## Problem description
Your answer must be an exact copy of the records below, with no pictures in it.

Dataset excerpts:
┌────────

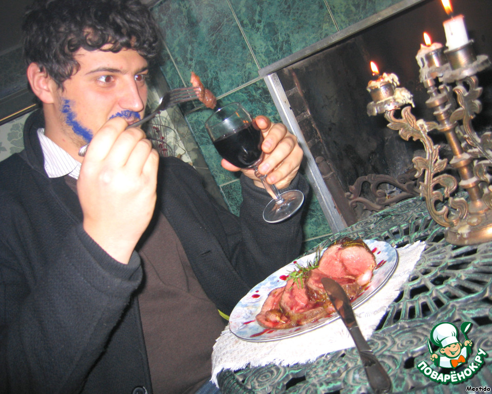 • Мясо.. вишневый соус и красное вино, непременно утолят любой голод, даже злодейский.. и сказка будет со счастливым концом.
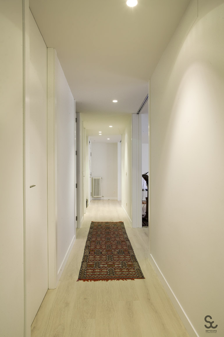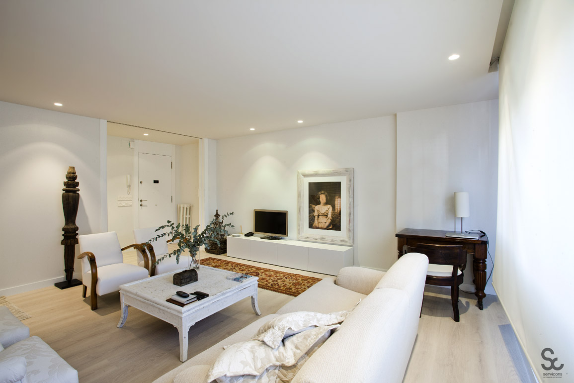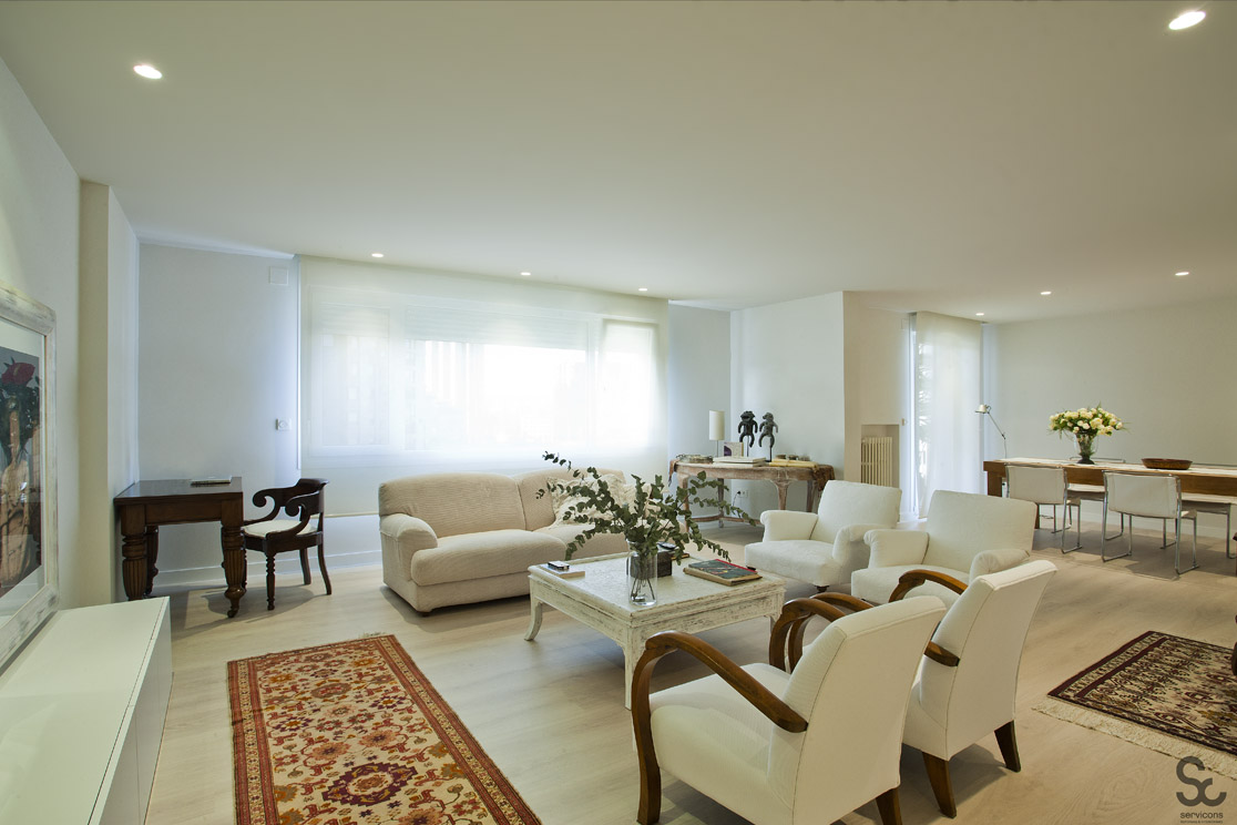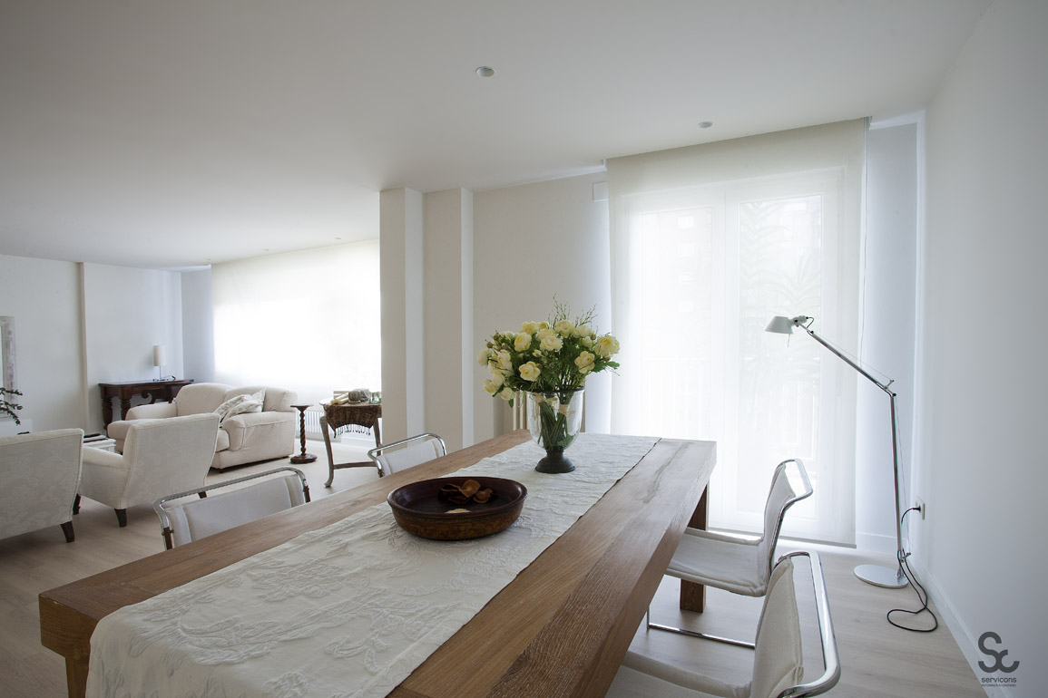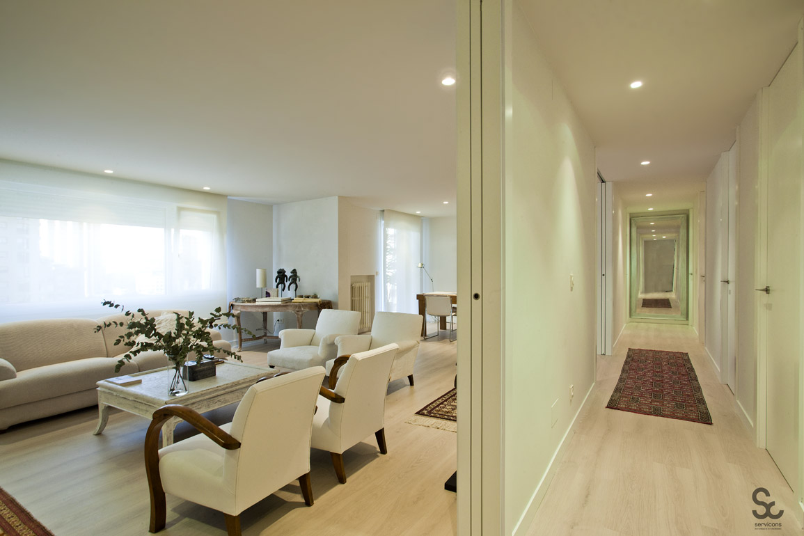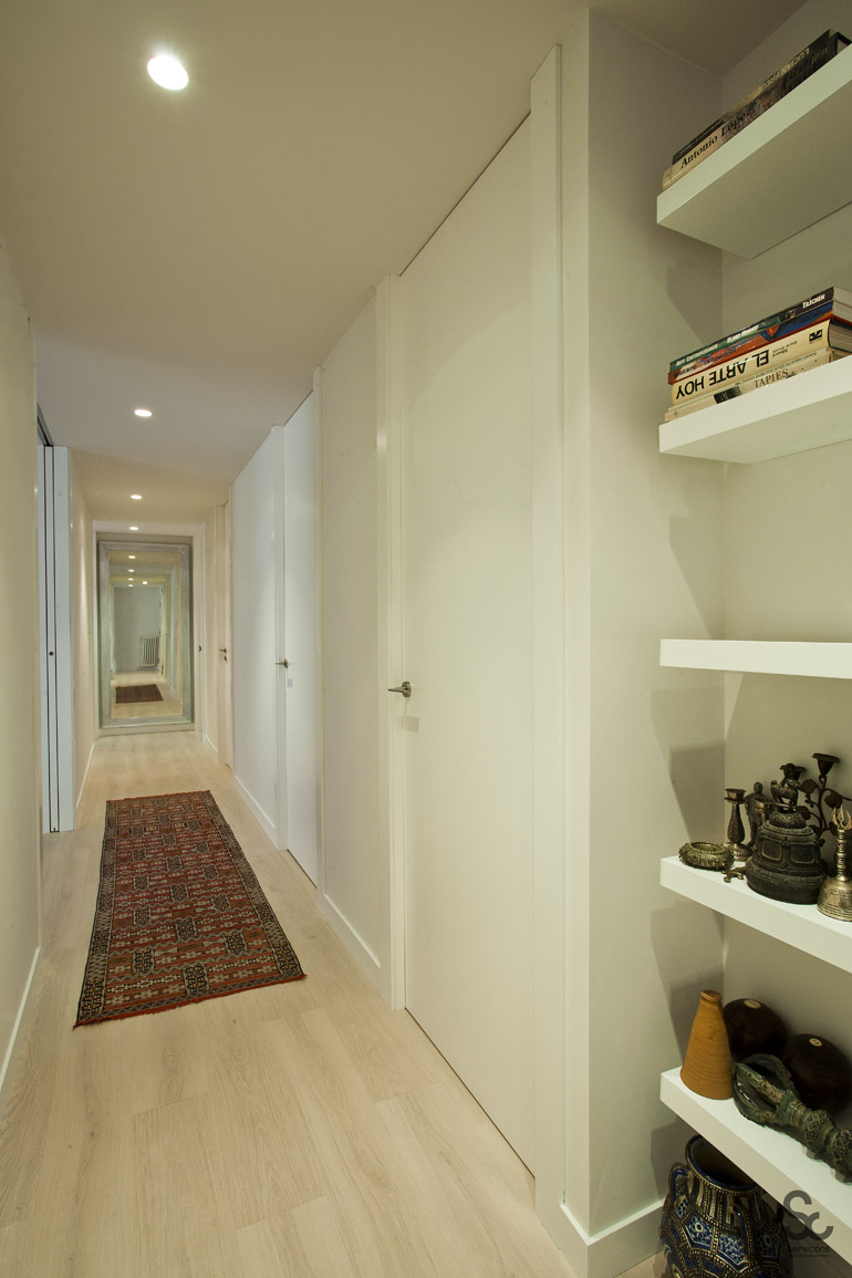 Reforma integral de vivienda con cambios de distribución. El piso contaba en origen con 4 dormitorios y 3 baños y pasó tras la reforma a 3 dormitorios y 2 baños para conseguir unos espacios más amplios y una ordenación más fluida. Se eligió una paleta de colores neutros y claros para que aportaran luz y sensación de espacio y destacaran el escogido mobiliario de la propiedad.
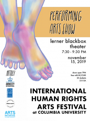 The Performing Arts Show will be held on November 15th from 7:30 to 9:30pm at the Lerner BlackBox Theater and will feature student performances - including dance, theater, poetry, music, stand-up comedy - which will be introduced by speeches of distinguished guests: Christelle Ownu, the African Diaspora Lead Advisor at the NYC Commission on Human Rights, Marissa Gutierrez-Vicario, the Founder and Executive Director of Art and Resistance Through Education (ARTE) and Tom Block, the Founding Producer of the IHRAF.
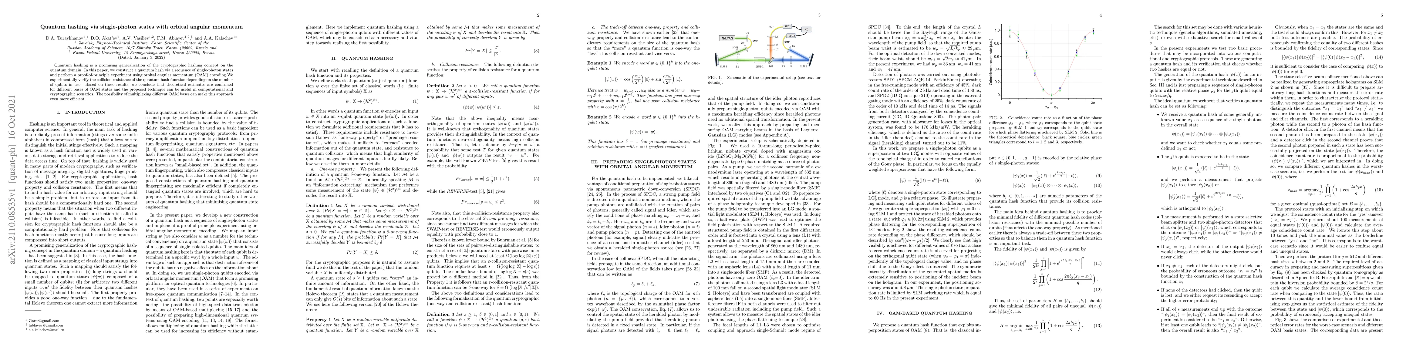 This paper proposes a quantum hash function using single-photon states with orbital angular momentum (OAM) encoding, demonstrating its collision resistance through an experimental proof-of-principle. The results confirm theoretical estimates, suggesting its potential for enhancing computational and cryptographic applications.
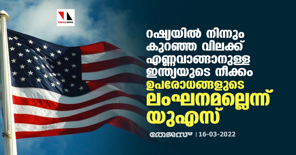 റഷ്യയില് നിന്നും കുറഞ്ഞ വിലക്ക് എണ്ണവാങ്ങാനുള്ള ഇന്ത്യയുടെ നീക്കം ഉപരോധങ്ങളുടെ ലംഘനമല്ലെന്ന് യുഎസ്
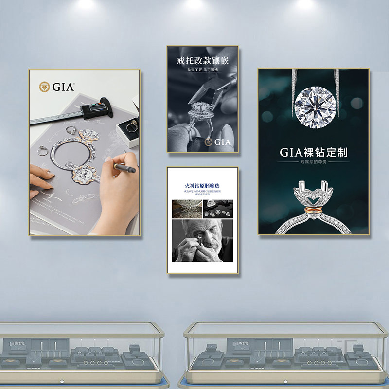 珠宝店挂画GIA钻石图奢侈品店首饰店墙面装饰画裸钻戒指金店壁画
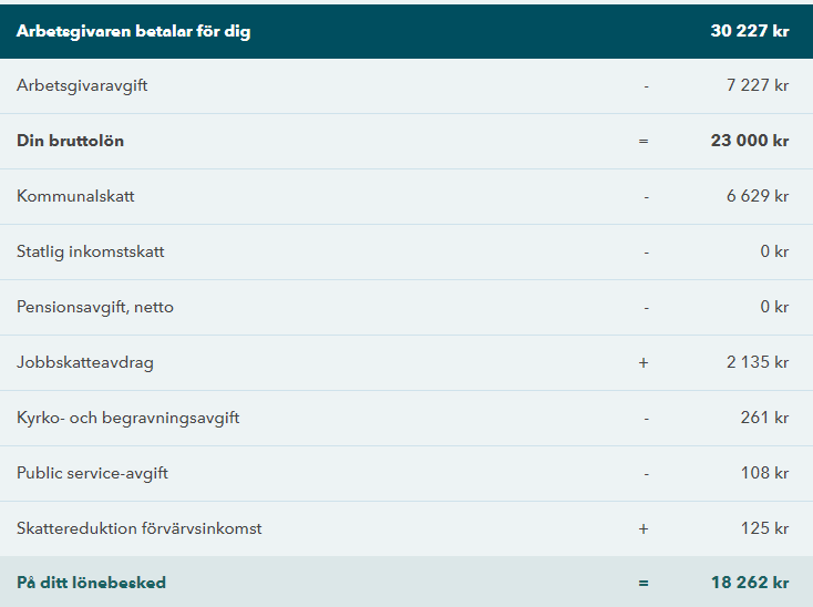 Om vi leker med tanken att du fakturerar 30tkr årligen som lön får du följande intäkt / kostnad.
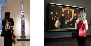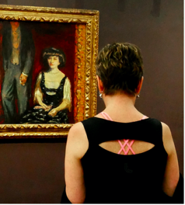 Une autre fois, j’avais pris en photo une jeune femme qui regardait le tableau de Van Dongen, Nini, danseuse aux Folies Bergères. Leurs tenues vestimentaires avaient été le déclencheur mais je n’avais pas remarqué qu’elles avaient toutes les deux les mains posées sur les hanches, exactement de la même manière ! Ce mimétisme pourtant fréquent chez les visiteurs des musées ne m’est apparu que plus tard.
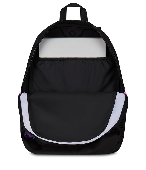 Laptopfach, Frontfach und seitliche Fächer für eine Trinkflasche.
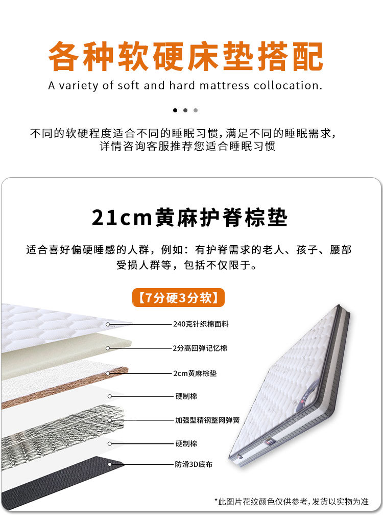 • 가죽 침대 + 황마 척추 보호 브라운 매트리스 + 침대 옆 테이블 * 1

└────────

## Result for this task
 • Мясо.. вишневый соус и красное вино, непременно утолят любой голод, даже злодейский.. и сказка будет со счастливым концом.
 Reforma integral de vivienda con cambios de distribución. El piso contaba en origen con 4 dormitorios y 3 baños y pasó tras la reforma a 3 dormitorios y 2 baños para conseguir unos espacios más amplios y una ordenación más fluida. Se eligió una paleta de colores neutros y claros para que aportaran luz y sensación de espacio y destacaran el escogido mobiliario de la propiedad.
 The Performing Arts Show will be held on November 15th from 7:30 to 9:30pm at the Lerner BlackBox Theater and will feature student performances - including dance, theater, poetry, music, stand-up comedy - which will be introduced by speeches of distinguished guests: Christelle Ownu, the African Diaspora Lead Advisor at the NYC Commission on Human Rights, Marissa Gutierrez-Vicario, the Founder and Executive Director of Art and Resistance Through Education (ARTE) and Tom Block, the Founding Producer of the IHRAF.
 This paper proposes a quantum hash function using single-photon states with orbital angular momentum (OAM) encoding, demonstrating its collision resistance through an experimental proof-of-principle. The results confirm theoretical estimates, suggesting its potential for enhancing computational and cryptographic applications.
 റഷ്യയില് നിന്നും കുറഞ്ഞ വിലക്ക് എണ്ണവാങ്ങാനുള്ള ഇന്ത്യയുടെ നീക്കം ഉപരോധങ്ങളുടെ ലംഘനമല്ലെന്ന് യുഎസ്
 珠宝店挂画GIA钻石图奢侈品店首饰店墙面装饰画裸钻戒指金店壁画
 Om vi leker med tanken att du fakturerar 30tkr årligen som lön får du följande intäkt / kostnad.
 Une autre fois, j’avais pris en photo une jeune femme qui regardait le tableau de Van Dongen, Nini, danseuse aux Folies Bergères. Leurs tenues vestimentaires avaient été le déclencheur mais je n’avais pas remarqué qu’elles avaient toutes les deux les mains posées sur les hanches, exactement de la même manière ! Ce mimétisme pourtant fréquent chez les visiteurs des musées ne m’est apparu que plus tard.
 Laptopfach, Frontfach und seitliche Fächer für eine Trinkflasche.
 • 가죽 침대 + 황마 척추 보호 브라운 매트리스 + 침대 옆 테이블 * 1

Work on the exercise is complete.